The Department of Health and Social Care (DHSC) has awarded new covid testing site contracts to outsourcers Serco and Mitie worth collectively £687 million. Serco’s contract is worth up to £322 million and involves continuing to run some 20% of Covid-19 testing sites in England and Northern Ireland for another year. Mitie's deal, worth up to £365 million, covers the management of around 28% of testing sites across England, Scotland and Wales, up from about 23% of sites in its former contract.
 
Travel stocks tumbled for the second day running after Portugal, Spain and Malta imposed new restrictions on UK visitors and Hong Kong banned all passenger flights from Britain. In Europe, German Chancellor Angela Merkel has for the past few days been pushing all EU countries to impose quarantines on British travellers. Portugal now requires all travellers from the UK to quarantine for 14 days on arrival unless they can prove they had both covid vaccinations at least two weeks ago. Spain said that UK tourists will have to show proof of full vaccination or a negative PCR test. Starting Wednesday, holidaymakers heading to Malta will also have to quarantine for 14 days upon arrival if they haven’t had their second dose.
 
Lloyd's of London insurer Hiscox has reached an agreement with the Hiscox Action Group (HAG) over business interruption losses caused by the Covid-19 pandemic. When lockdown measures were first introduced, numerous small businesses claimed for loss of earnings under their business interruption policies but insurers refused to pay, arguing ‘force majeure.’ The Financial Conduct Authority launched a test case and in January, the Supreme Court found largely in favour of companies receiving payouts. The 400-member strong HAG also brought a private case against Hiscox to determine the level of such payouts, and an agreement has now been reached, although the terms are confidential.
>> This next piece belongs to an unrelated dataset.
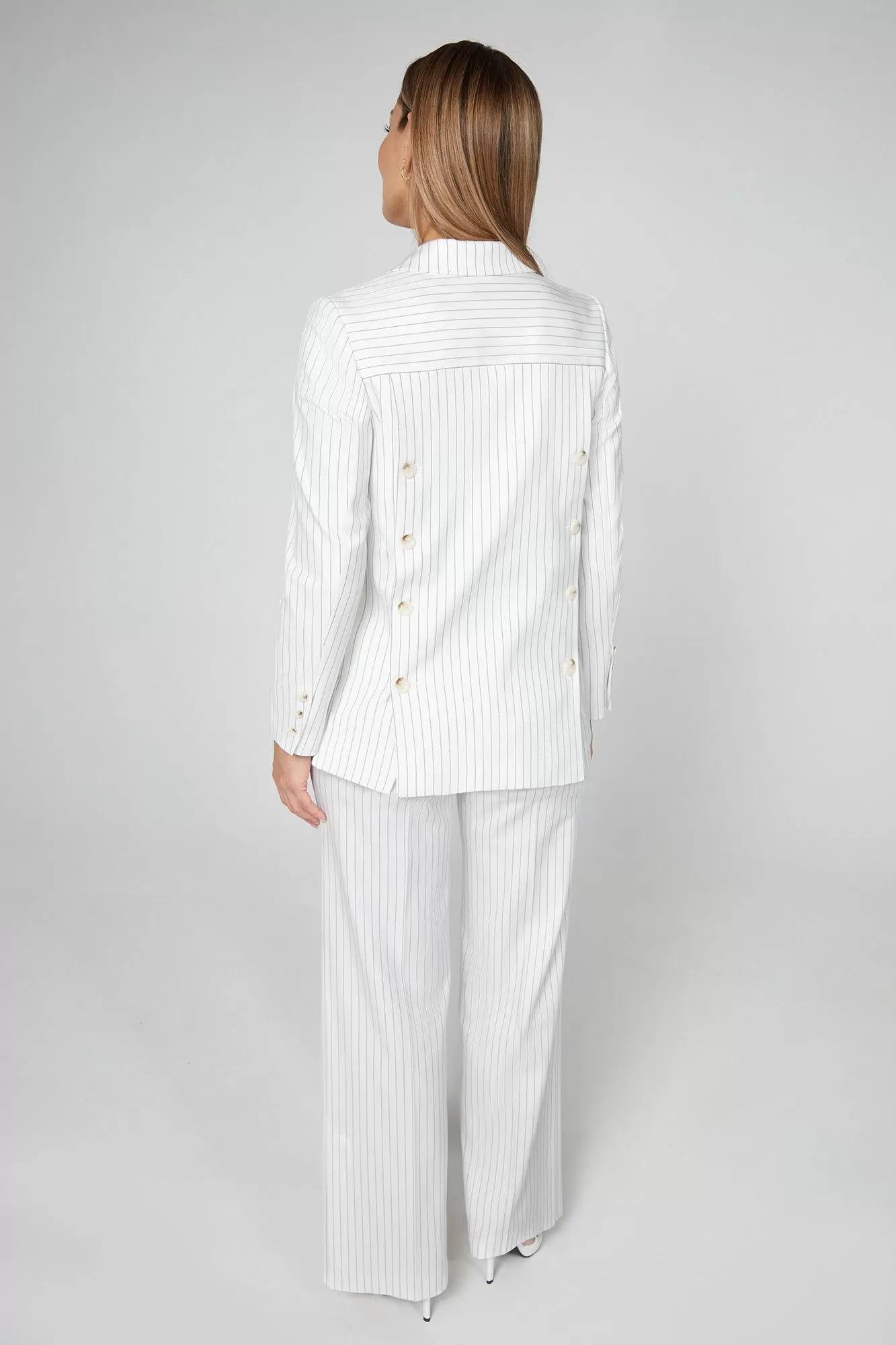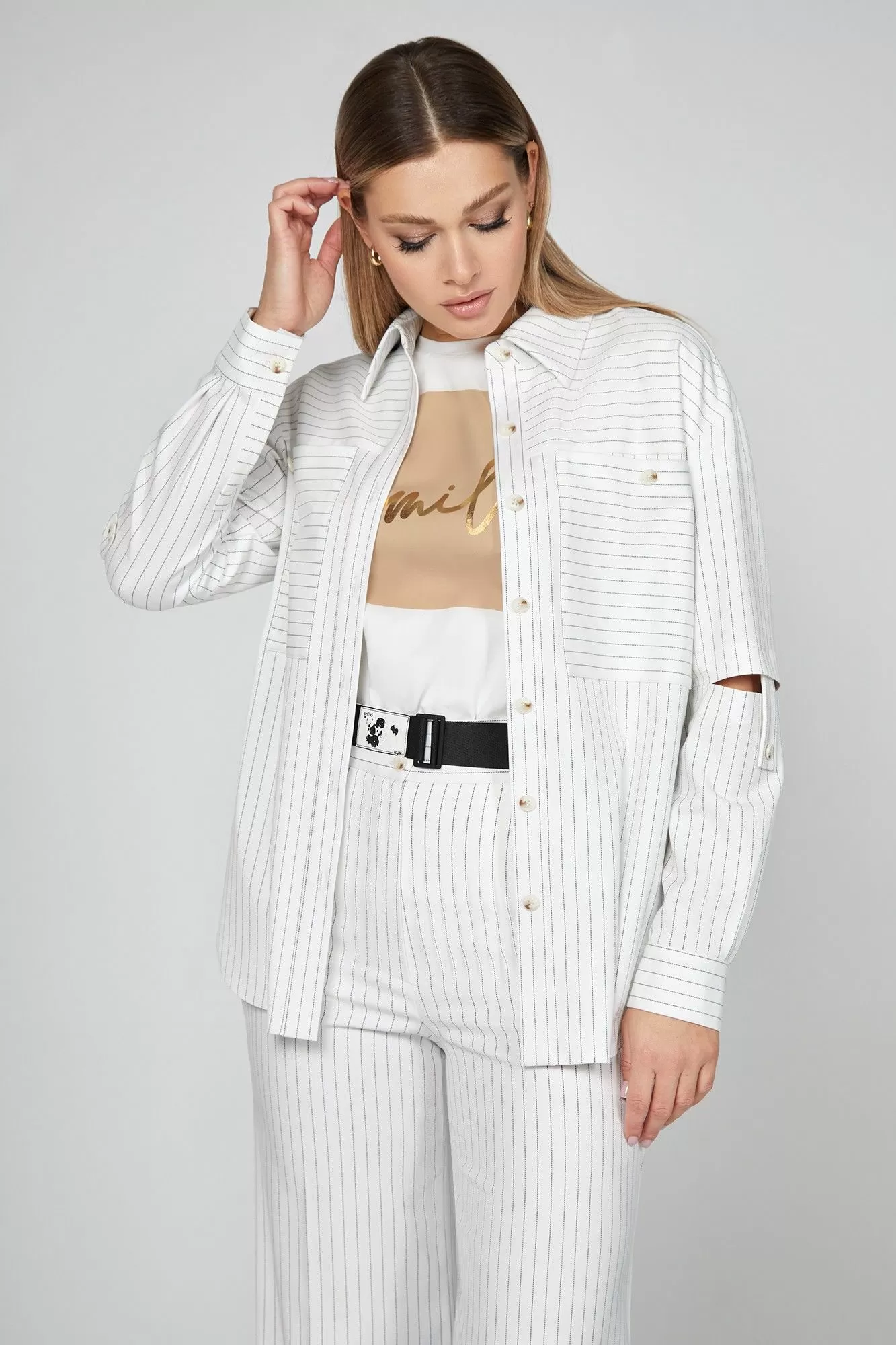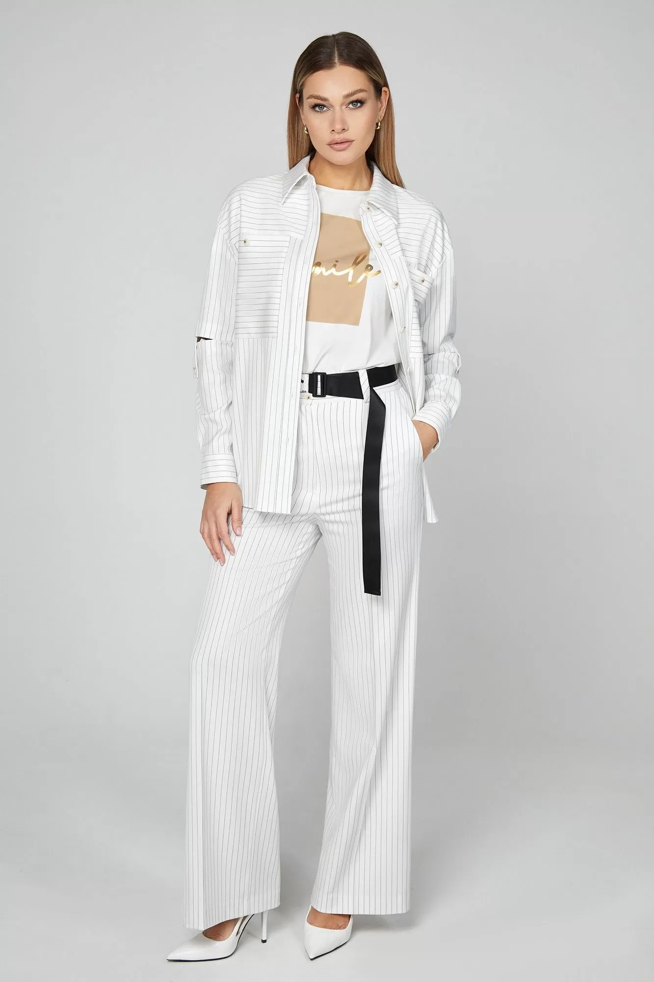 Модное обновление: эти светлые широкие брюки с полосатым узором из эластичной поливискозной испанской ткани привнесут глоток свежего воздуха в ваш гардероб. Современный дизайн в сочетании с модным кроем делают эту базовую модель привлекотельной. Изделие на притачном поясе со шлёвками, собранном на эластичную тесьму по спинке, спереди застёжка на молнию и петли-пуговицы и функциональные косые карманы.Модель дополнена контрастным поясом-тесьмой с пряжками, делающим образ более современным. Идеальный стиль с соответствующим жакетом или блузкой для городского модного образа.
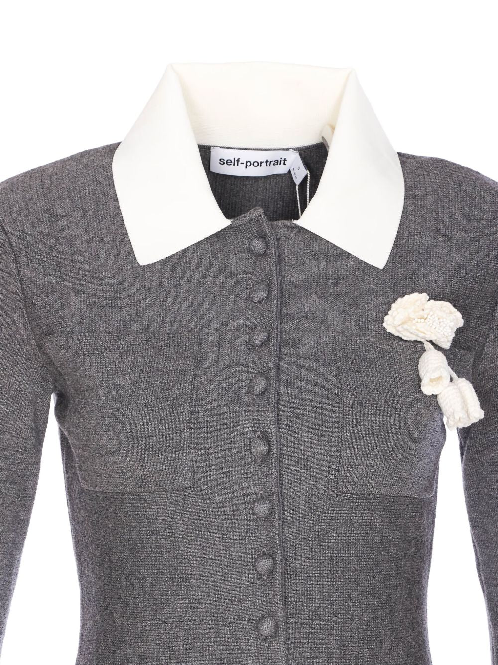 grey crochet flower embellishment collared neckline button front fastening long sleeves patch pockets

In March, Hiscox said it has reserved $475m overall for pandemic-related claims.
 
Nissan is set to announce an expansion of its battery production in Sunderland and launch a brand-new electric model which will create thousands of jobs for UK workers, Sharecast News reports. The plan is for the new plant to be producing batteries by 2024, when the numbers of UK-made components in UK-made cars is required to increase in order to keep to the terms of the government's trade deal with the European Union (Nissan's main market for the Sunderland-made cars). The UK government is contributing to the cost of the plans which could amount to hundreds of millions, although it is unclear how much the government has invested in the project.
 
NatWest Group is to sell most of its Irish commercial lending business to Allied Irish Banks (AIB) as part of its exit from Ireland. AIB will take over about €4.2bn in gross performing commercial lending and associated undrawn exposures of around €2.8bn from NatWest's Ulster Bank. Natwest said 280 staff will transfer to AIB.
 
Burberry CEO Marco Gobbetti is stepping down at the end of the year to become the new general manager and CEO of Italian luxury goods firm Salvatore Ferragamo.